## WHAT IS NEEDED
Transcribe the data that follows in full. Leave out the pictures.

Top of INFORMATION SUPPLIED

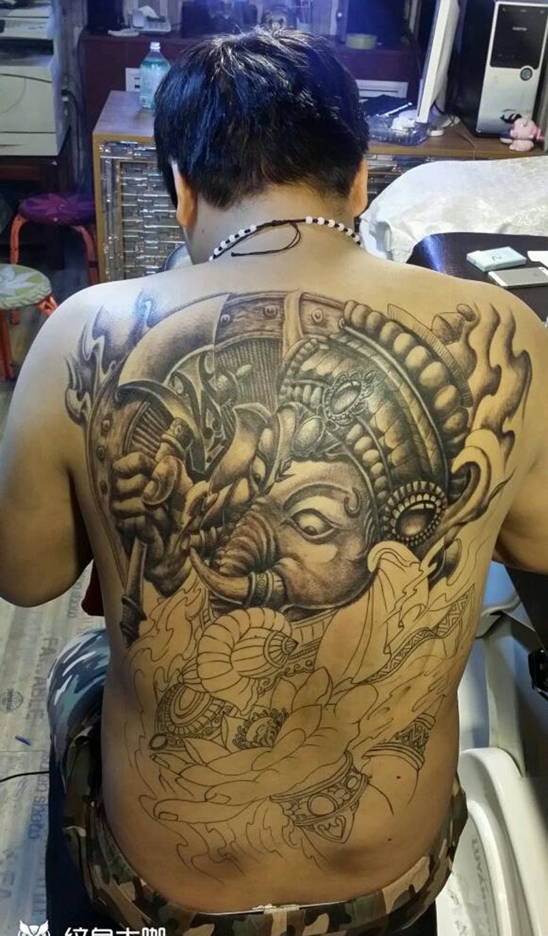 当前位置: 首页 >山西省太原市纹身店-太原翼龙刺青工作室纹身图案>招财象神纹身图片_背部传统动物鬼神宗教手稿纹身图案
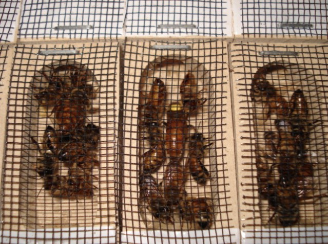 Por último, las abejas reinas se colocan en jaulitas individuales y estas en un contenedor con abejas nodrizas o bien en jaulitas junto a abejas nodrizas, ambas con abastecimiento de candy como alimento básico hasta que lleguen a la colmena.
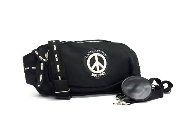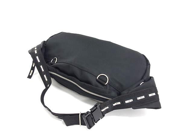 1円 ■美品■ MOSCHINO モスキーノ ナイロン×レザー 2WAY ボディバッグ ウエストバッグ ショルダー ブラック系×ホワイト系 FP5433
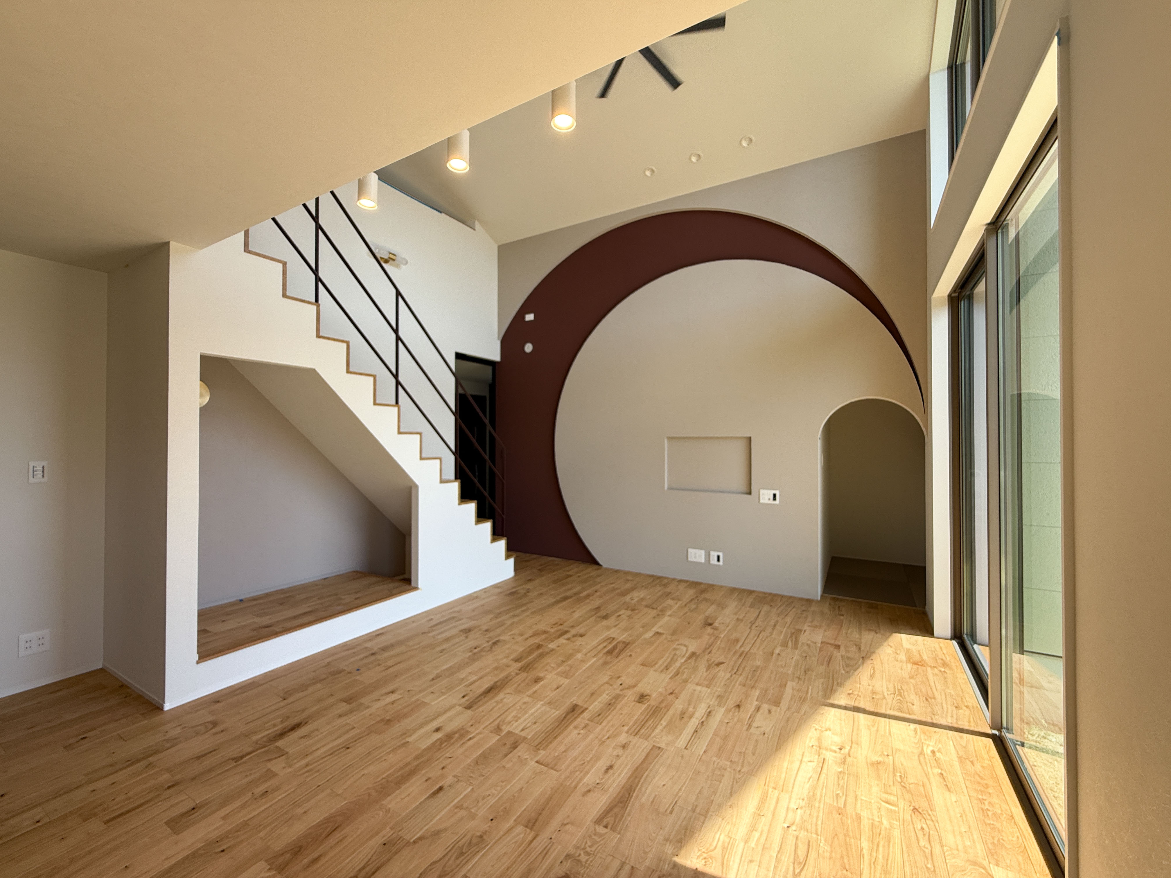 【吹き抜けリビング】目を引くリビングは心躍るカラーとデザインで和の雰囲気を塗り壁で演出

Bottom of INFORMATION SUPPLIED

## EXERCISE OUTPUT
 当前位置: 首页 >山西省太原市纹身店-太原翼龙刺青工作室纹身图案>招财象神纹身图片_背部传统动物鬼神宗教手稿纹身图案
 Por último, las abejas reinas se colocan en jaulitas individuales y estas en un contenedor con abejas nodrizas o bien en jaulitas junto a abejas nodrizas, ambas con abastecimiento de candy como alimento básico hasta que lleguen a la colmena.
 1円 ■美品■ MOSCHINO モスキーノ ナイロン×レザー 2WAY ボディバッグ ウエストバッグ ショルダー ブラック系×ホワイト系 FP5433
 【吹き抜けリビング】目を引くリビングは心躍るカラーとデザインで和の雰囲気を塗り壁で演出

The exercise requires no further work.